Toss Next ML Challenge - Ad (opens in new tab)

Toss recently hosted the "Toss Next ML Challenge," a large-scale competition focused on predicting advertisement Click-Through Rates (CTR) using real-world, anonymized data from the Toss app. By tasking over 2,600 participants with developing high-performance models under real-time serving constraints, the event successfully identified innovative technical approaches to feature engineering and model ensembling. ### Designing a Real-World CTR Prediction Task * The competition required participants to predict the probability of a user clicking a display ad based on a dataset of 10.7 million training samples. * Data included anonymized features such as age, gender, ad inventory IDs, and historical user behavior. * A primary technical requirement was "real-time navigability," meaning models had to be optimized for fast inference to function within a live service environment. ### Overcoming Anonymization with Sequence Engineering * To maintain data privacy while allowing external access, Toss provided anonymized features in a single flattened table, which limited the ability of participants to perform traditional data joins. * A complex, raw "Sequence" feature was intentionally left unprocessed to serve as a differentiator for high-performing teams. * Top-tier participants demonstrated extreme persistence by deriving up to 37 unique variables from this single sequence, including transition probabilities, unique token counts, and sequence lengths. ### Winning Strategies and Technical Trends * All of the top 30 teams utilized Boosting Tree-based models (such as XGBoost or LightGBM), while Deep Learning was used only by a subset of participants. * One standout solution utilized a massive ensemble of 260 different models, providing a fresh perspective on the limits of ensemble learning for predictive accuracy. * Performance was largely driven by the ability to extract meaningful signals from anonymized data through rigorous cross-validation and creative feature interactions.
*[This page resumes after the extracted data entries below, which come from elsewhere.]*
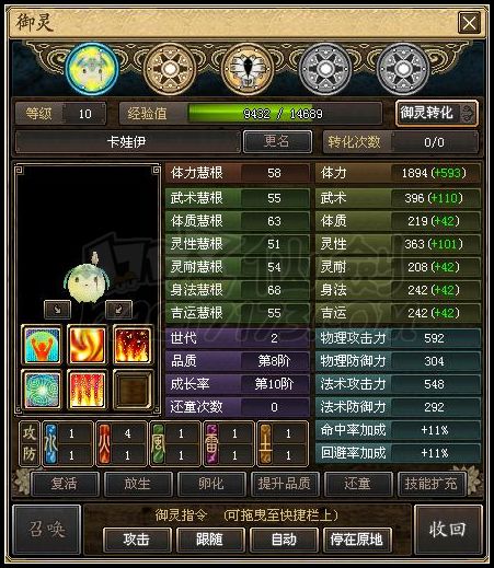恩。。然后就是,这次转化完之后。宝宝的成长阶是完全随机的。但至少都是4代以上,看个人人品了。我运气还好,一次就到10阶满阶了。我朋友的是8,有人会问那有没有什么办法把成长阶级提高起来?目前除了转化之外就只有还童,但是一旦还童。。。。宝宝7属性又是完全随机 -。- 所以。。有想要转化御灵的同学需要考虑清楚了。。。或许你可以试试直接用还童F洗出一个极品的来,但是几率,微呼其微,而且还童洗的成长最高只有8阶。品质依然是0,需要自己买鞠心蛊提升。
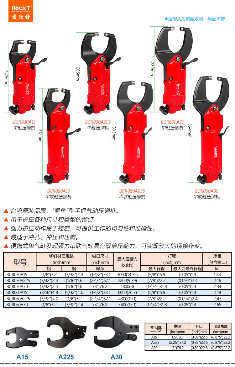 東莞市強(qiáng)勁五金工具有限公司提供臺灣BOOXT波世特品牌氣動工具,雙聯(lián)缸氣動壓鉚槍BCR060A225廠家直銷,首件享特價。咨詢熱線:4008301980
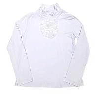 Джемпер для девочки, из эластичного трикотажа. Полуприлегающий силуэт. Длинный рукав. Воротник- стойка спереди присобрана. Украшена на груди эластичным кружевом.Размер 122: длина- 44 см, обхват груди- 56 см, длина рукава- 42 см.
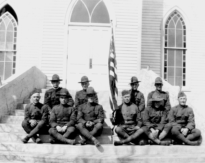 These WWI soldiers who attended Trinity posed on the steps in 1918.
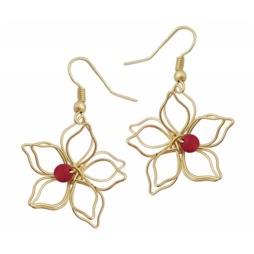 Σκουλαρίκια Κοραλί Πέτρα Φύση Λουλούδι iron+powder stone kc gold..
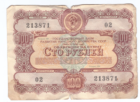 Облигация на сумму 100 рублей № 213871 (Выпуск 1956 года) VG
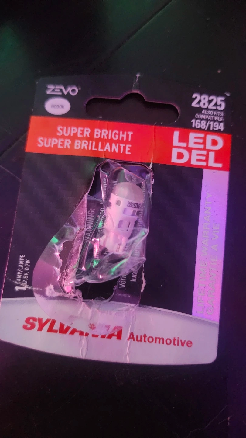 This is a Zevo 2825 LED bulb with a super bright 6000K colour temperature. It's also compatible with 168 and 194 bulbs. This lamp uses 2.8V and 0.7W.
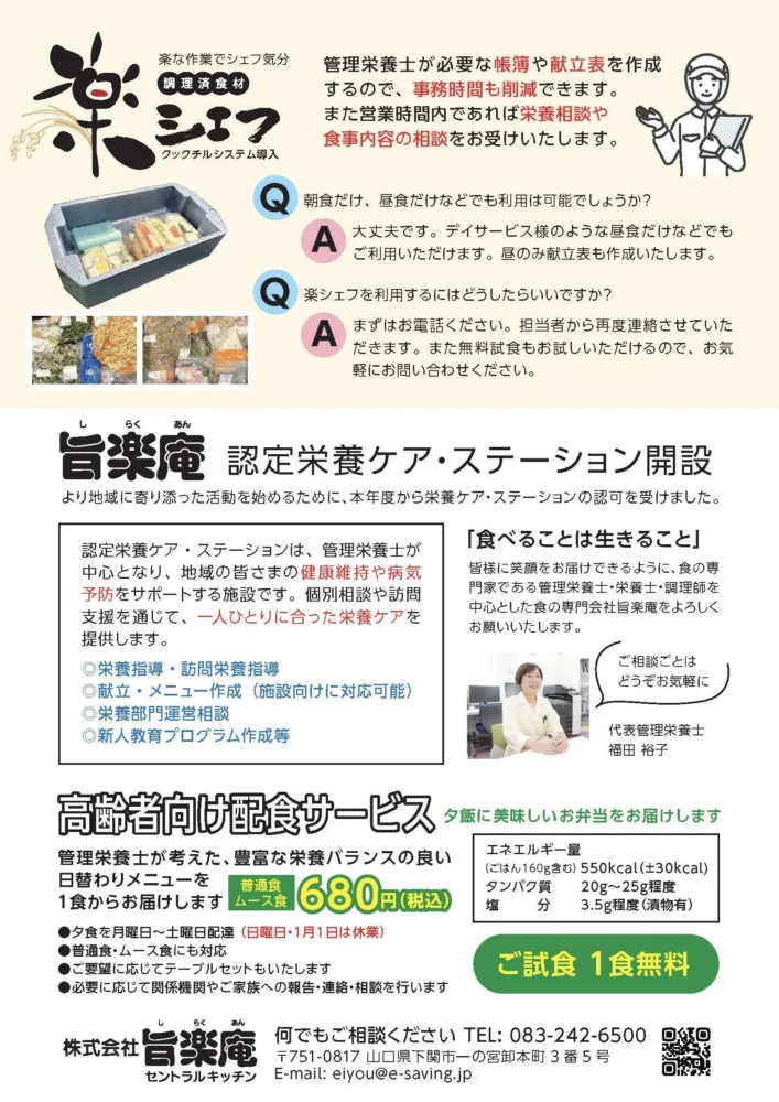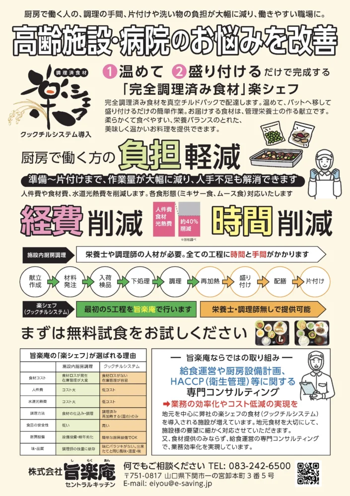 旨楽庵は、地元食材を活かしたクックチルシステム「楽シェフ」を用いた完全調理済み食材の提供や、給食運営・厨房設備計画・HACCP(衛生管理)に関する専門コンサルティングを行っています。
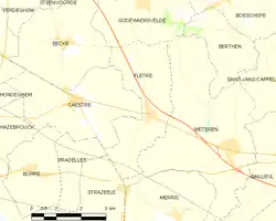 Modern map, vicinity of Hazbrouck–Flêtre (commune FR insee code 59237)
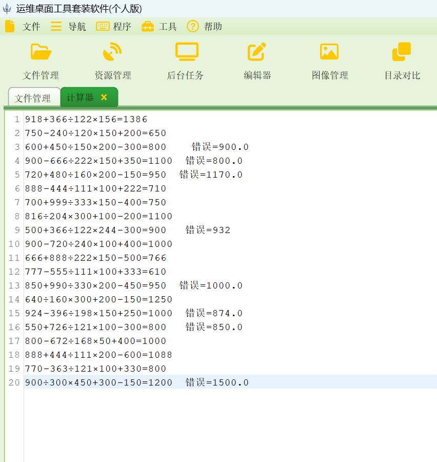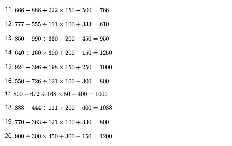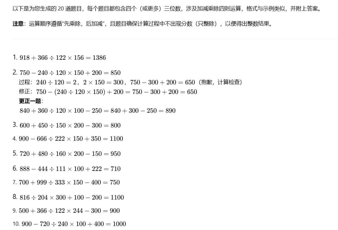 测试问题:请列举一个包括加减乘除的20个四则运算题目,要求格式类似 918+366÷122×156=1386,包括至少类似918,366,122,156四个数,每个数都是三位数。
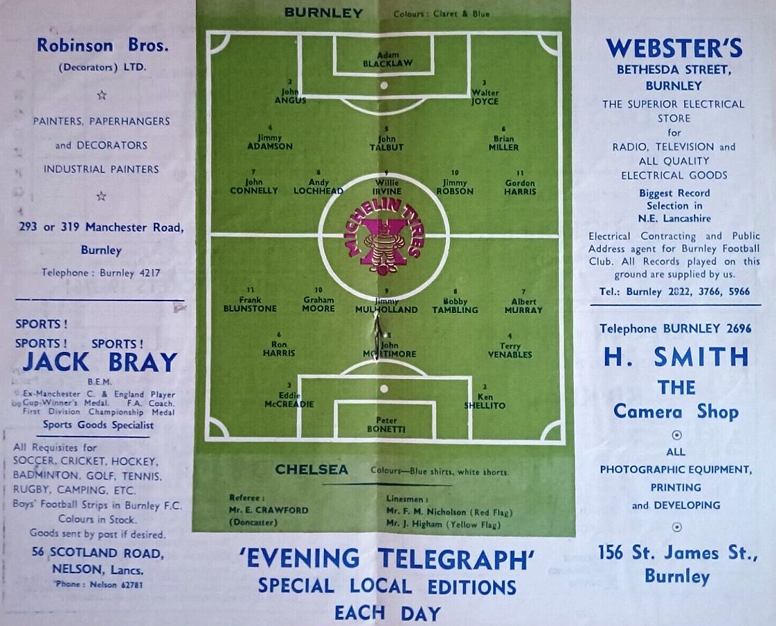 Adam Blacklaw, John Angus, Walter Joyce, Jimmy Adamson, John Talbut, Brian Miller, John Connelly, Andy Lochhead, Ray Pointer, Jimmy Robson, Gordon Harris |
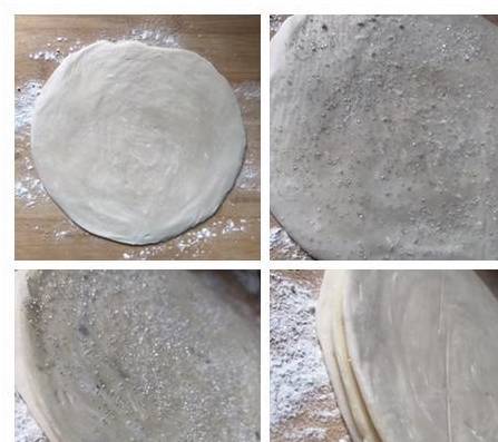 1、案板上撒点面粉,放一张手抓饼,撒上白砂糖,再叠一张手抓饼,继续撒上白砂糖,再摆上第三张手抓饼
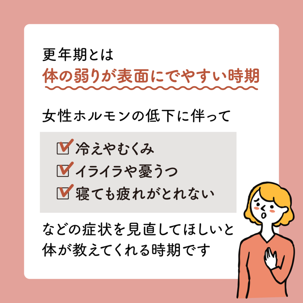 ホットフラッシュやイライラ、下半身の冷えや、頭痛、不眠、腰痛などもこの時期に多いご相談です。
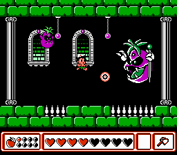 Super Mario Bros. 2. Master Higgins and his enemies all feature about the same amount of detail and animation you'd get in either of the two Mario games out at the time, except Master Higgins has a little "I have to peepee" dance he does anytime he's not moving. For the longest time I thought this game was just one big journey to find a damn bathroom and the stamina gauge draining was Higgins' bladder control. Anyway, the sprites are passable enough to tell what they are and what they're doing. Serviceable, but nothing to get excited about.
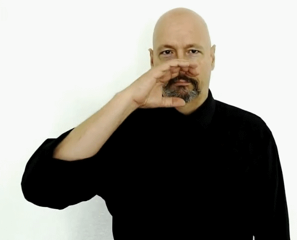 The dominant hand starts as a "C" on the nose then moves downward slightly then upward and changes to "S"
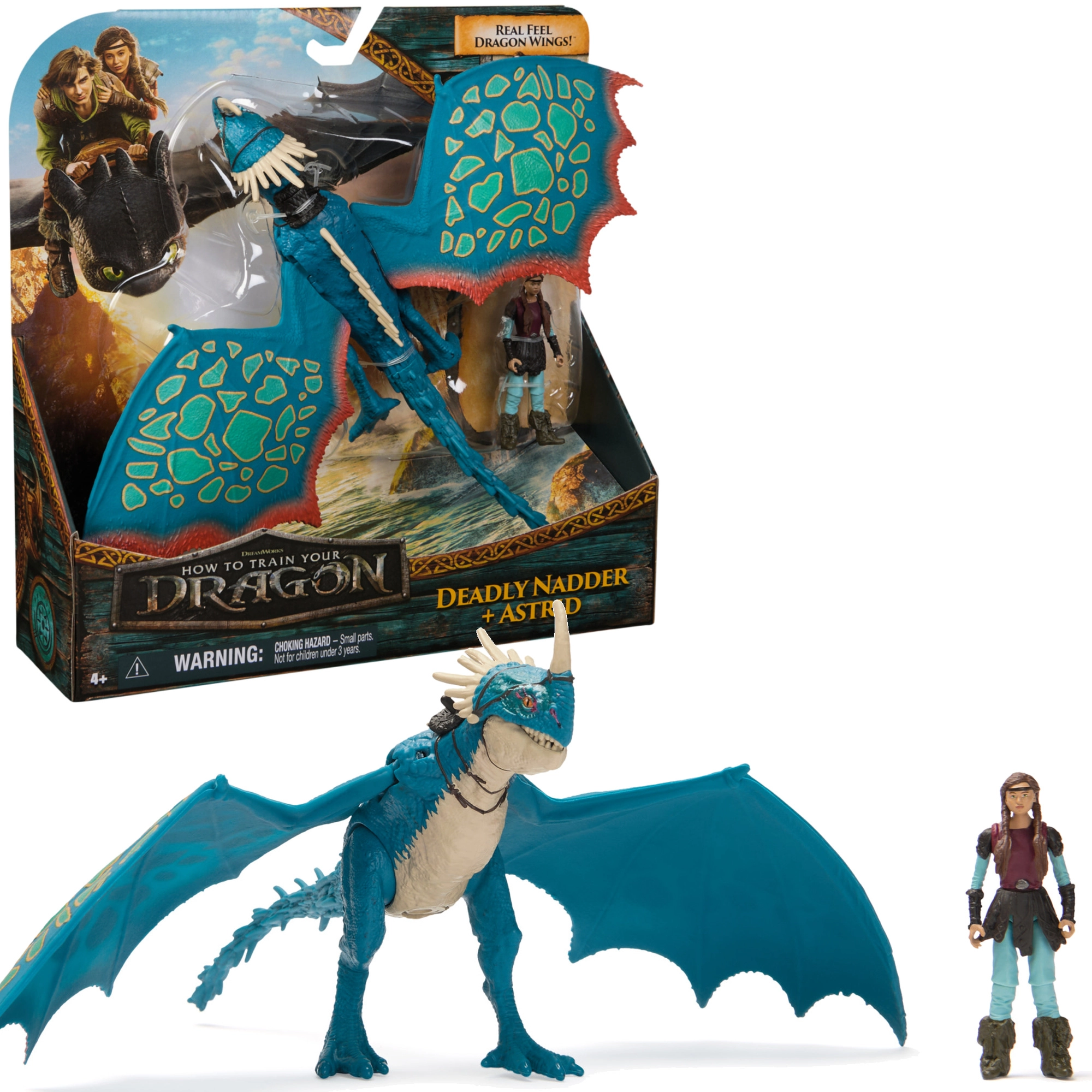 Oplev verdenen af Sådan træner du din drage med det autentiske sæt med dragefiguren Deadly Nadder og rytteren Astrid fra Spin Master. Detaljeret udførelse, bevægelige vinger og lemmer samt muligheden for at placere rytteren i sadlen giver dynamisk leg, kreativ historiefortælling og timevis af sjov.
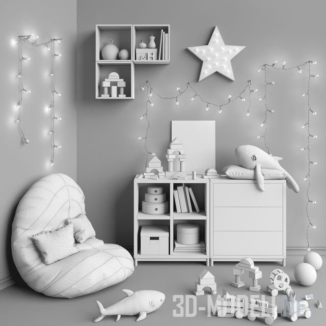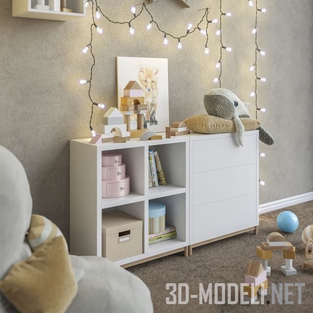 современный, гирлянда, игрушка, модульный, шкаф, полки, пуф, коробка, подушка, буква, лампа, гиря, поезд, IKEA
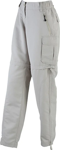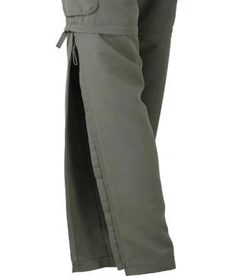 Vertical side zippers allow leg sections to be slipped off easily over footwear
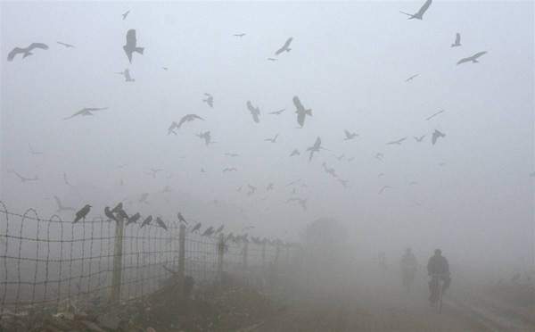 Люди едут на велосипедах по все той же туманной Индии. Ajay Verma / Reuters
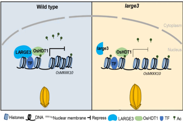進(jìn)一步研究發(fā)現(xiàn)LARGE3與組蛋白去乙酰化酶OsHDT1互作,通過影響水稻組蛋白H4乙酰化水平負(fù)調(diào)控籽粒長度。LARGE3與OsHDT1的復(fù)合體可結(jié)合OsMKKK10啟動(dòng)子區(qū)域,并通過降低該位點(diǎn)的組蛋白H4乙酰化水平,增加核小體密度,使染色質(zhì)處于緊密狀態(tài),從而抑制該基因表達(dá)。
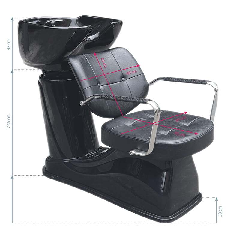 Nowoczesna myjnia fryzjerska marki Gabbiano -połączenie funkjonalności w włoska elegancją. Myjnia wykonana jest z najwyższej jakości materiałów i doskonale wykończona. Wiemy jak ważny jest komfort klienta podczas zabiegów, dlatego specjalna konstrukcja zapewnia klientowi solidne podparcie głowy w czasie mycia. Miękkie i niezwykle wygodne siedzisko pokryte jest wysokiej jakości ekoskórą w kolerze czarnym. Myjnia posiad czarną misę ceramiczną i podłokietniki w kolorze srebrnym. Idealny mebel do nowoczesnych wnętrz.

The results of the Toss Next ML Challenge suggest that even in the absence of domain-specific context due to anonymization, meticulous feature engineering and robust tree-based architectures remains the gold standard for tabular data. For ML engineers, the competition underscores that the key to production-ready models lies in balancing complex ensembling with the strict latency requirements of real-time serving.

naver

[DAN25] (opens in new tab)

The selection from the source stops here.